[[ RECORDED INFORMATION, beginning ]]
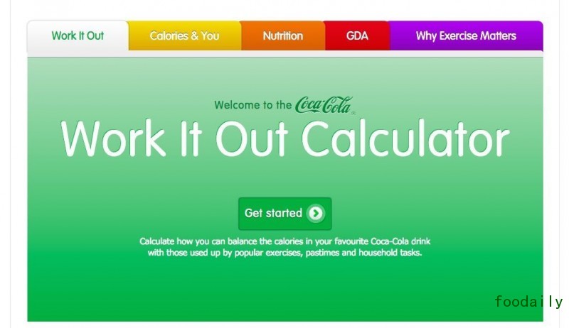 比如在“健康”栏目中,可口可乐开发一个有关卡路里的交互测试,名为 Work It Out Calculator。它能够告诉消费者的是,喝完一瓶可乐后,需要做什么样的运动来消耗掉这些卡路里。
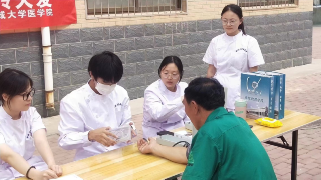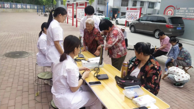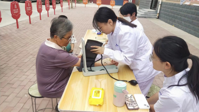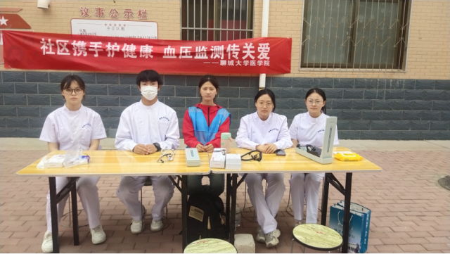 护理专业2022级3、4班,2023级3、5班团支部前往和平社区,联合开展测量血压志愿服务活动。
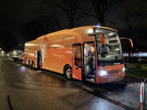 We vertrek een half uurtje eerder om 15.30u vanaf parkeerterrein BVV Barendrecht met een luxe KNVB spelersbus (i.v.m. mogelijke files richting Utrecht).
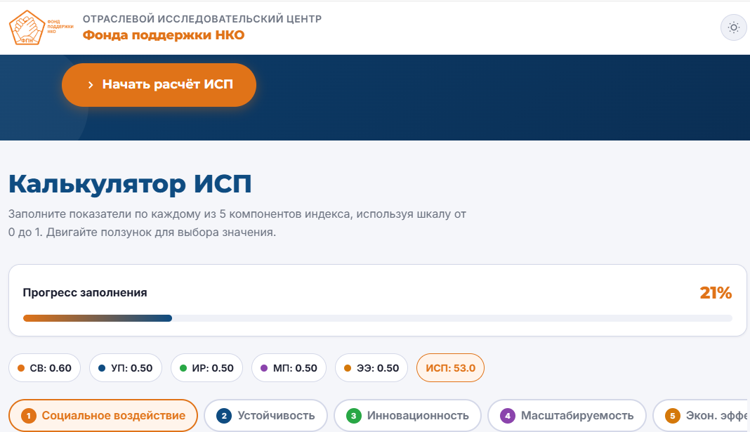 Калькулятор ИСП позволяет НКО, грантодателям и представителям органов власти самостоятельно провести оценку партнёрских практик, повысить прозрачность деятельности и выявить точки роста для развития социально ориентированных проектов.
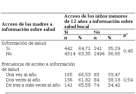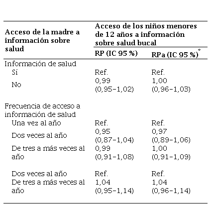 En lo referente al acceso a información sobre salud de la madre y acceso de los niños menores de 12 años de edad a información sobre salud bucal, no existe asociación entre estas variables, RP = 0,99 (IC 95 %: 0,965-1,02); y al considerar las covariables, tampoco existe asociación, RPa = 1,00 (IC 95 %: 0,96-1,03) (tabla 4).
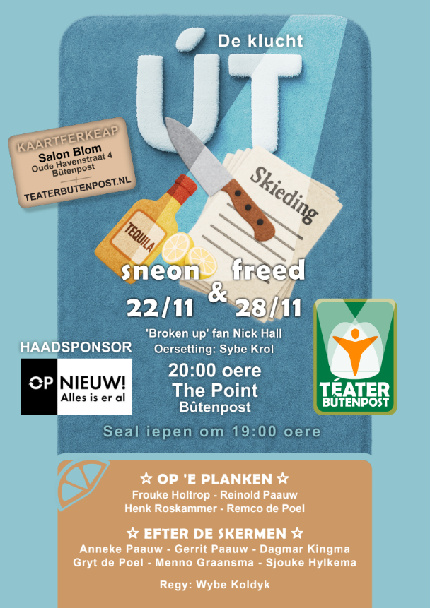 Téater Bûtenpost is op 24 maart 1922 as “Krite Bûtenpost en Omkriten fan it Selskip for Fryske Taal-en Skriftenkennisse”, oprjochte, koartsein Fryske Krite Bûtenpost. It doel fan De Krite wie it befoarderjen fan it Frysk. Dit troch ús memmetaal te sprekken, te lêzen en te skriuwen. Al rillegau waard it spyljen fan toanielstikken de wichtichste ferdivedaasje. En dat dogge wy dus no al mear dan 100 jier. Op ús webstek fine jo alle ynformaasje oer de ferieniging, aktuele saken dy’t spylje, de skiednis en hoe’t jo yn kontakt komme kinne mei ús. In soad sjoch- en lêsnocht tawinske.
[[ RECORDED INFORMATION, end ]]
> _TASK OBJECTIVE_: Your task is to retype all the entries exactly and leave out any pictures.

> _SOLUTION_:
 比如在“健康”栏目中,可口可乐开发一个有关卡路里的交互测试,名为 Work It Out Calculator。它能够告诉消费者的是,喝完一瓶可乐后,需要做什么样的运动来消耗掉这些卡路里。
 护理专业2022级3、4班,2023级3、5班团支部前往和平社区,联合开展测量血压志愿服务活动。
 We vertrek een half uurtje eerder om 15.30u vanaf parkeerterrein BVV Barendrecht met een luxe KNVB spelersbus (i.v.m. mogelijke files richting Utrecht).
 Калькулятор ИСП позволяет НКО, грантодателям и представителям органов власти самостоятельно провести оценку партнёрских практик, повысить прозрачность деятельности и выявить точки роста для развития социально ориентированных проектов.
 En lo referente al acceso a información sobre salud de la madre y acceso de los niños menores de 12 años de edad a información sobre salud bucal, no existe asociación entre estas variables, RP = 0,99 (IC 95 %: 0,965-1,02); y al considerar las covariables, tampoco existe asociación, RPa = 1,00 (IC 95 %: 0,96-1,03) (tabla 4).
 Téater Bûtenpost is op 24 maart 1922 as “Krite Bûtenpost en Omkriten fan it Selskip for Fryske Taal-en Skriftenkennisse”, oprjochte, koartsein Fryske Krite Bûtenpost. It doel fan De Krite wie it befoarderjen fan it Frysk. Dit troch ús memmetaal te sprekken, te lêzen en te skriuwen. Al rillegau waard it spyljen fan toanielstikken de wichtichste ferdivedaasje. En dat dogge wy dus no al mear dan 100 jier. Op ús webstek fine jo alle ynformaasje oer de ferieniging, aktuele saken dy’t spylje, de skiednis en hoe’t jo yn kontakt komme kinne mei ús. In soad sjoch- en lêsnocht tawinske.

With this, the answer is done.